Well-Read Black Girl, 280-Character Literary Tweets, and More

by
Staff
9.27.17

Every day Poets & Writers Magazine scans the headlines—from publishing reports to academic announcements to literary dispatches—for all the news that creative writers need to know. Here are today’s stories:

“It goes beyond reading books together—we’re talking about our lives. The organization exemplifies the need for black women to uplift, support, and nurture one another.” Glory Edim writes about starting Well-Read Black Girl, which began with a t-shirt her partner gave her and became a book club, a conference, and a movement. (Lenny Letter)

Following Twitter’s announcement that it will allow a small group of users to tweet 280 characters instead of 140—and the instant backlash of many against the decision—book critic Ron Charles comes up with examples of what can be tweeted in 280 characters, such as the entirety of Emily Dickinson’s poem “I’m Nobody! Who are you?” and the first full sentence of the Declaration of Independence. (TechCrunch, Washington Post)

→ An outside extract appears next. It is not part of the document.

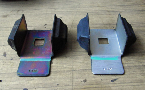 マウント上部、エンジン側のブラケット(兼タイミングベルトカバー)との接合部分のパーツです。 このパーツもメッキのタイプが変更されていますね。 やっぱり六価クロムを使うメッキ方法は排除されていってるようですね。 現行のメッキは、三価クロムなのかしら? 詳しくはわかりません。 (偉い人おしえて〜〜♪) |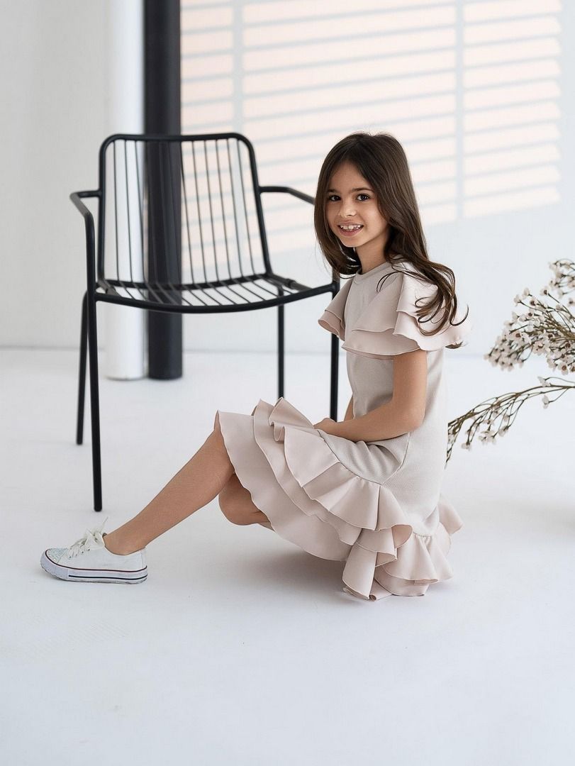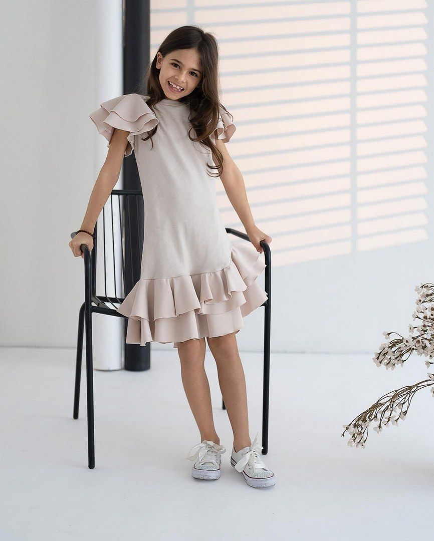 Szukasz idealnej sukienki, która połączy styl z wygodą? Ta beżowa sukienka z prążka z falowanymi rękawami to doskonały wybór dla dziewczynek, które preferują luźniejsze fasony. Wykonana z wysokiej jakości bawełny, zapewnia nie tylko swobodę ruchów, ale także elegancki wygląd, który sprawdzi się na różnorodnych okazjach.

Writer Kelly Morse offers advice about submitting to lit mags, and what happened after she started submitting to thirty journals at once instead of a carefully chosen few. (Room Magazine)

Danuta Kean muses on why U.S. and U.K. book covers are so different, and speculates that the quality of U.S. book design is finally catching up with that of the United Kingdom. (Guardian)

“Criticism can be a way of adding to a bank of knowledge, a bank of understanding, a way of refreshing and renewing and protecting language.” At the New York Times, Parul Sehgal talks about her approach to reviewing books; Sehgal recently joined the publication’s team of daily book critics after working as the senior editor for the New York Times Book Review.

Sehgal shares more about her path to becoming a critic in an interview with Michael Taeckens for the May/June issue of Poets & Writers Magazine.

“I was everywhere and nowhere in it.” Aleksandar Hemon relates the experience of writing for television; Hemon and David Mitchell helped write the Netflix series Sense8. (New Yorker)

The Church of Jesus Christ of Latter-day Saints has purchased the printer’s manuscript of the Book of Mormon for $35 million, which is believed to be the new record for the most expensive manuscript ever sold. (Guardian)

In the latest installment of the Atlantic’s By Heart series, novelist Celeste Ng shares how Goodnight, Moon inspires her work. “It gives you enough guidance to feel secure so that you’re not totally adrift. And yet, it also leaves enough space for you to make connections, to start to fill things in for yourself.”